Parents should give affirmation to the baby throwing things. Children are a mirror of adults. If there is something wrong with the child, it must be something wrong with the parents or upbringing people. For example, if a baby throws something, it must be learned from others. Parents should find out the reason and then prescribe the right medicine.

The problem of poor cold treatment. My family Bao broke something for the first time when she came back from the early education center. After class, I still have some time to play with a baby boy in the early education center. He is about the same age as my family. I started to play well. But then it was not fun, throwing things, throwing things, hitting people. At that time, my heart stung. Take Bao away at once, but in the process of packing, the baby has seen everything clearly. I was afraid that the baby would learn to throw things.

Sure enough, when I got home, when I was tidying up my clothes, my baby threw everything on the bed, picture books, newspapers, toys and so on. I am very unhappy. I want to tell her right away, too. She can't do this. But I took a few deep breaths and held back. I know that the more I object, the more I emphasize that she will attract your attention in this way. I didn't do anything, but I was still busy with my own business. As if nothing had happened. Soon, she went to do other things My cold treatment is still effective. Later, she will also throw things. But I always treat it coldly and react calmly. She was bored and forgot.
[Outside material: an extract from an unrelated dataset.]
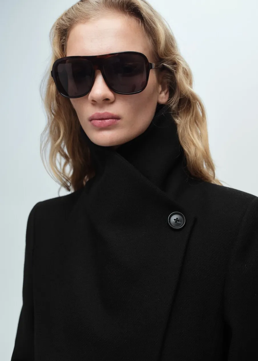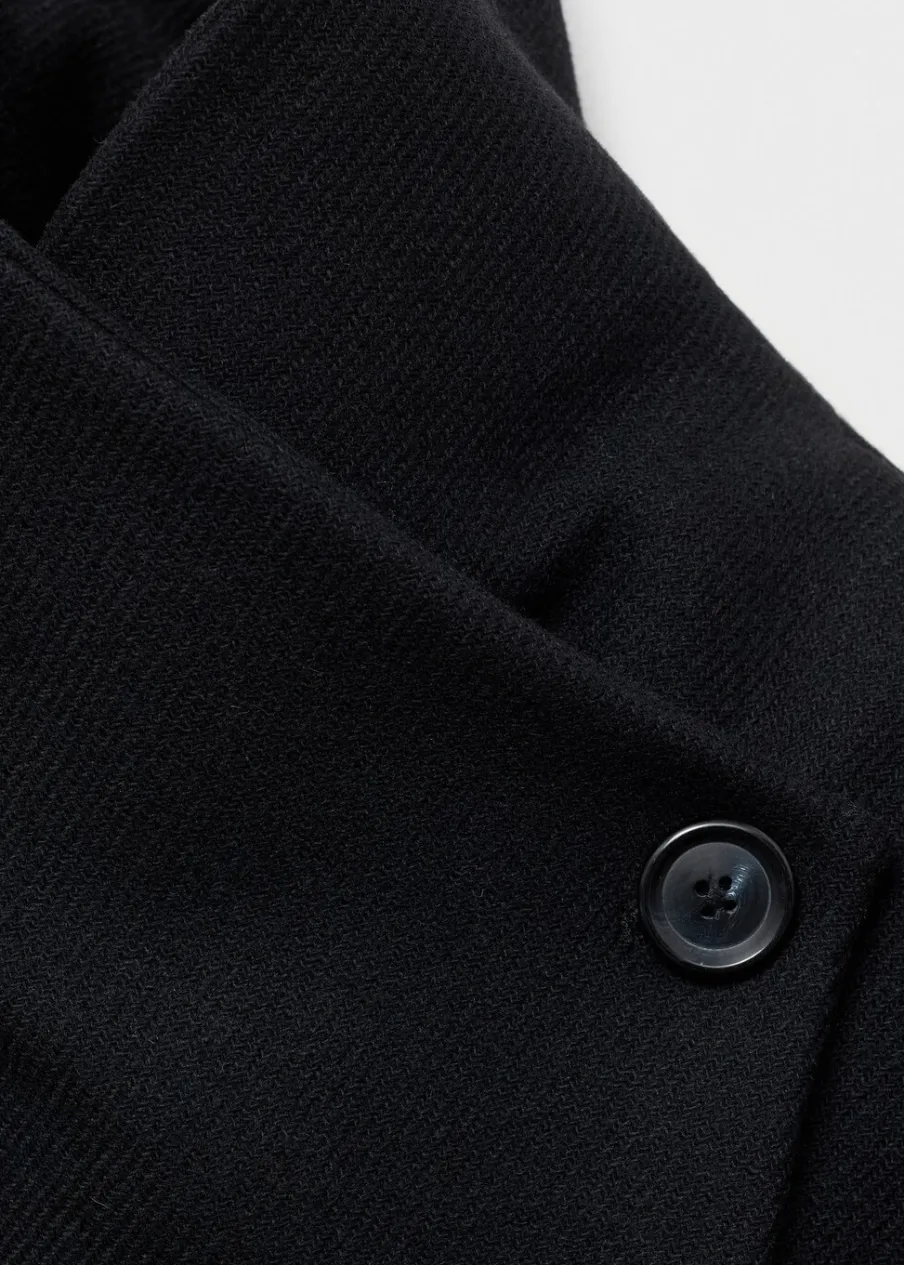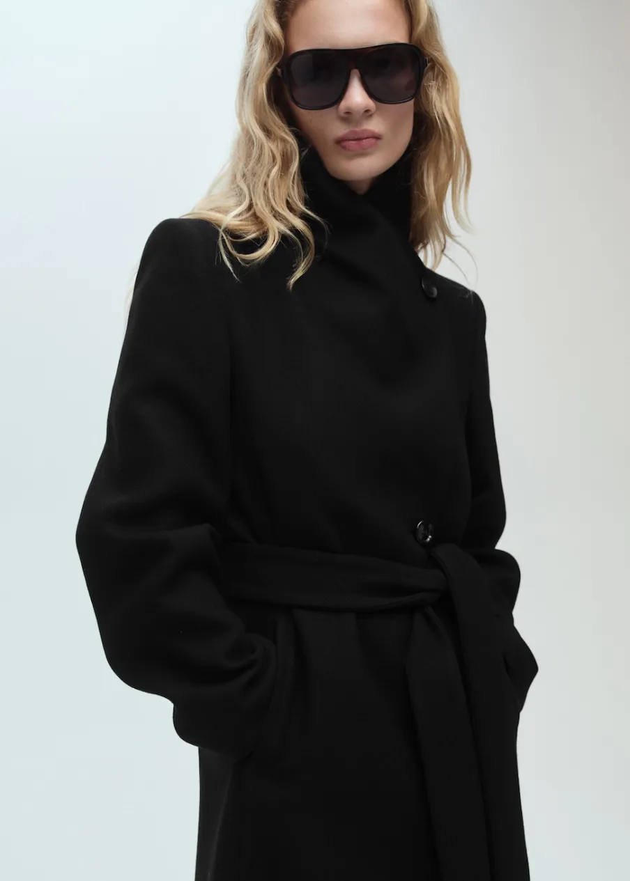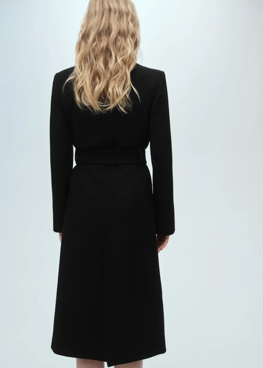Tkanina mieszanka wełny. Model prosty. Ciężka struktura. Model długi. Dekolt w szpic z kołnierzykiem. Długi rękaw. Pasek szlafrokowy. Szlufki. Dwie kieszenie boczne. Zapięcie na guziki z przodu. Wiązanie z przodu. Wewnętrzna podszewka. Dostępne w Plus Size. Modelka ma 180 cm wzrostu i nosi rozmiar S/36.
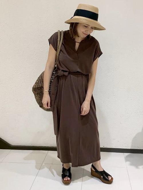 カットソーワンピースを小物使いでリゾート感を出しました。 とろみがあり肌触りがよく、女性らしいワンピースです。

Good habits should be actively strengthened. I treated the baby's bad behavior coldly and ignored it. For example, if she falls, she will see my reaction. If adults react strongly, such as grandma's ouch, she will cry at once. But then I'll pretend I can't see, and she'll think about it and have fun. If she is singing Swallow, I will clap my hands loudly to encourage her to sing well, and she will sing again and again.

The whole family should have the same concept of parenting. This is very difficult to achieve. But at least the whole family should be consistent in dealing with one thing. For example, if something is dropped, everyone should treat it coldly. It's not good for someone to be angry.

Explain what is right with picture books.

Try to get in touch with a positive image. Some children are really ill-bred and have all kinds of bad behaviors. Try to avoid contact when the baby's resolution is still weak. She will understand when the baby is older.